(Assignment):
Output every entry exactly, without any pictures.

● ● ●

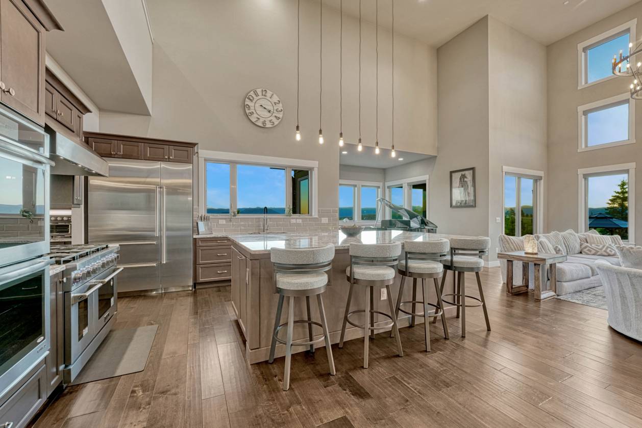 - Stunning finishes include a gourmet kitchen with a sub zero refrigerator, 4 ovens, 7 burner gas range, 2 beverage cooling drawers, 2 dishwashers, large slab granite kitchen island, walk-in pantry, 8' doors. Great room includes a beautiful stone fireplace surround, 25' ceiling, glass wall for picturesque views, auto remote windows coverings, and walks out to a covered patio, 2nd kitchen w/pizza oven. Main level primary suite is equally impressive with 13' ceilings, large picture windows, fireplace, 5 piece bathroom, multiple shower heads, exceptionally large walk-in closet w/built-ins & locking jewelry drawers. Upper level has 2 bedrooms w/en suite full bathrooms & loft. Basement includes an open game room, media area, wet bar w/wine cooler, exercise room, 2 bedrooms w/en suite bathrooms, geo thermal heat/cooling system, multiple unit water filtration system, tankless water heater, whole home fire suppression & radon mitigation systems.
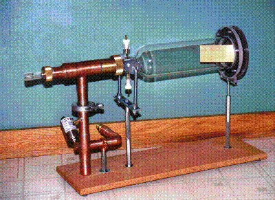 The 1997 National Symposium of the American Vacuum Society featured an exhibit on the history of the electron, celebrating the 100th anniversary of the discovery by Sir John Joseph Thomson (1856-1940) that the electron was a particle with mass. The exhibit represented a collaboration between the AVS and the Perham Foundation of Los Altos, CA. Included in the exhibit were a display of historic vacuum tubes, a 40 ft. timeline with important events in the history of vacuum and electronics from 1875 to the present, videos related to the history of vacuum tubes and radio, and three displays specific to Thomson's work. One was a non-functional replica of Thomson's cathode ray tube with which he determined the ratio of the electron's charge to its mass (e/m), a commercial e/m apparatus for school use (made by Pasco Scientific of Roseville, CA) and the home-brew apparatus shown above that was made by the author. Details on the construction and use of the apparatus are in Vol. 6, Nos. 3&4 (combined issue). | ![]() |
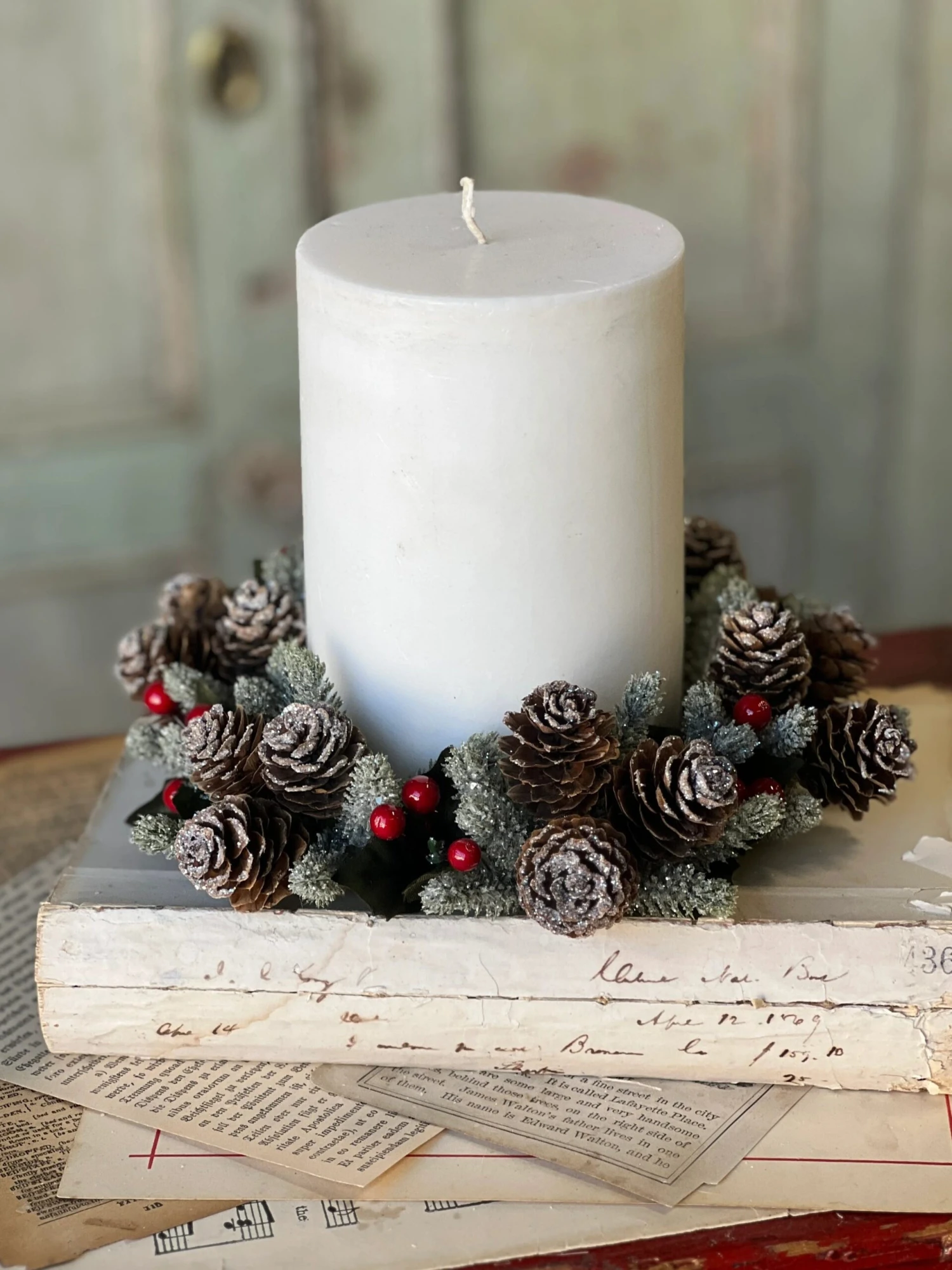 Popular and petite, the Icy Berries & Cone collection is a beautiful mix of pine, pine cones, red berries, and holly shaped leaves dusted with snow, glitter and mica for a wonderfully wintry effect.
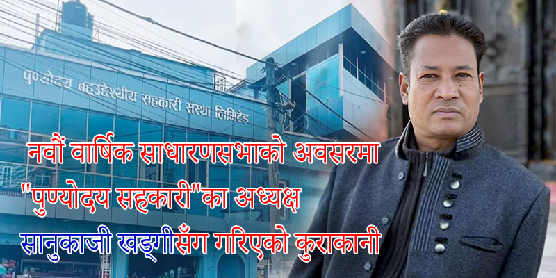 संस्थाको नवौं वार्षिक साधारण सभाको अवसरमा संस्था र सभाबारे केहि कुराहरू राख्ने मौका दिनु भयो त्यसका लागि शोणितपुर खबरलाई धन्यवाद दिन चाहान्छु । साधारण सभा भनेको वर्षभरि संस्थाले गरेको गतिविधि, उन्नति प्रगति, समस्या, सल्लाह, सुझाव सहयोगको सम्बन्धमा व्यापक छलफल गर्ने एउटा प्लेटफर्म हो । संस्थाको संचालक समिति, लेखा समिति, ऋण उप–समिति लगायत विभिन्न उप–समितिहरुको आवश्यकता अनुसारको हेरफेर आदि हुने दिन पनि हो यो साधारण सभा । त्यसकारण संस्थामा आबद्ध सम्पूर्ण सदस्यहरूलाई लगायत संचालक समिति, सल्लाहकारज्यूहरु, लेखा समिति, संस्थाका विभिन्न उप समितिहरूका पदाधिकारीहरू र सम्पुर्ण कर्मचारी मित्रहरूलाई नवौं साधारणसभा मार्फत यस पुण्योदय सहकारीलाई थप व्यवस्थित र प्रभावकारी रूपमा अगाडि बढाउन हातेमालोका लागि अपिल गर्दछु ।
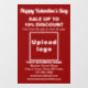 Happy Valentine’s Day! A lovely holiday to celebrate this February and to advertise also your business products and to promote your brand name. Customizable red colour window cling with Valentine Sale, your business name and other information. Window cling that you can use as marketing material to attract more customers. Customize it and display it to convince more customers to buy your products or clients to like your services. Contents are Happy Valentine’s Day greeting, sale texts with percent discount that you will offer, sale dates, your business name, logo, address, phone number, e-mail and website or your business social media page. Please check the appearance after uploading logo and typing texts. If the appearance is pleasing to you, you can place your order now. If you need to resize and move the logo and texts to fit on this window cling or on the size and shape that you will choose, please change in the design tool. You can also change the background colour, font colour and font style in the design tool. Happy Valentine’s Day! Wishing you more sales this holiday.

● ● ●

(Answer section):
 - Stunning finishes include a gourmet kitchen with a sub zero refrigerator, 4 ovens, 7 burner gas range, 2 beverage cooling drawers, 2 dishwashers, large slab granite kitchen island, walk-in pantry, 8' doors. Great room includes a beautiful stone fireplace surround, 25' ceiling, glass wall for picturesque views, auto remote windows coverings, and walks out to a covered patio, 2nd kitchen w/pizza oven. Main level primary suite is equally impressive with 13' ceilings, large picture windows, fireplace, 5 piece bathroom, multiple shower heads, exceptionally large walk-in closet w/built-ins & locking jewelry drawers. Upper level has 2 bedrooms w/en suite full bathrooms & loft. Basement includes an open game room, media area, wet bar w/wine cooler, exercise room, 2 bedrooms w/en suite bathrooms, geo thermal heat/cooling system, multiple unit water filtration system, tankless water heater, whole home fire suppression & radon mitigation systems.
 The 1997 National Symposium of the American Vacuum Society featured an exhibit on the history of the electron, celebrating the 100th anniversary of the discovery by Sir John Joseph Thomson (1856-1940) that the electron was a particle with mass. The exhibit represented a collaboration between the AVS and the Perham Foundation of Los Altos, CA. Included in the exhibit were a display of historic vacuum tubes, a 40 ft. timeline with important events in the history of vacuum and electronics from 1875 to the present, videos related to the history of vacuum tubes and radio, and three displays specific to Thomson's work. One was a non-functional replica of Thomson's cathode ray tube with which he determined the ratio of the electron's charge to its mass (e/m), a commercial e/m apparatus for school use (made by Pasco Scientific of Roseville, CA) and the home-brew apparatus shown above that was made by the author. Details on the construction and use of the apparatus are in Vol. 6, Nos. 3&4 (combined issue). | ![]() |
 Popular and petite, the Icy Berries & Cone collection is a beautiful mix of pine, pine cones, red berries, and holly shaped leaves dusted with snow, glitter and mica for a wonderfully wintry effect.
 संस्थाको नवौं वार्षिक साधारण सभाको अवसरमा संस्था र सभाबारे केहि कुराहरू राख्ने मौका दिनु भयो त्यसका लागि शोणितपुर खबरलाई धन्यवाद दिन चाहान्छु । साधारण सभा भनेको वर्षभरि संस्थाले गरेको गतिविधि, उन्नति प्रगति, समस्या, सल्लाह, सुझाव सहयोगको सम्बन्धमा व्यापक छलफल गर्ने एउटा प्लेटफर्म हो । संस्थाको संचालक समिति, लेखा समिति, ऋण उप–समिति लगायत विभिन्न उप–समितिहरुको आवश्यकता अनुसारको हेरफेर आदि हुने दिन पनि हो यो साधारण सभा । त्यसकारण संस्थामा आबद्ध सम्पूर्ण सदस्यहरूलाई लगायत संचालक समिति, सल्लाहकारज्यूहरु, लेखा समिति, संस्थाका विभिन्न उप समितिहरूका पदाधिकारीहरू र सम्पुर्ण कर्मचारी मित्रहरूलाई नवौं साधारणसभा मार्फत यस पुण्योदय सहकारीलाई थप व्यवस्थित र प्रभावकारी रूपमा अगाडि बढाउन हातेमालोका लागि अपिल गर्दछु ।
 Happy Valentine’s Day! A lovely holiday to celebrate this February and to advertise also your business products and to promote your brand name. Customizable red colour window cling with Valentine Sale, your business name and other information. Window cling that you can use as marketing material to attract more customers. Customize it and display it to convince more customers to buy your products or clients to like your services. Contents are Happy Valentine’s Day greeting, sale texts with percent discount that you will offer, sale dates, your business name, logo, address, phone number, e-mail and website or your business social media page. Please check the appearance after uploading logo and typing texts. If the appearance is pleasing to you, you can place your order now. If you need to resize and move the logo and texts to fit on this window cling or on the size and shape that you will choose, please change in the design tool. You can also change the background colour, font colour and font style in the design tool. Happy Valentine’s Day! Wishing you more sales this holiday.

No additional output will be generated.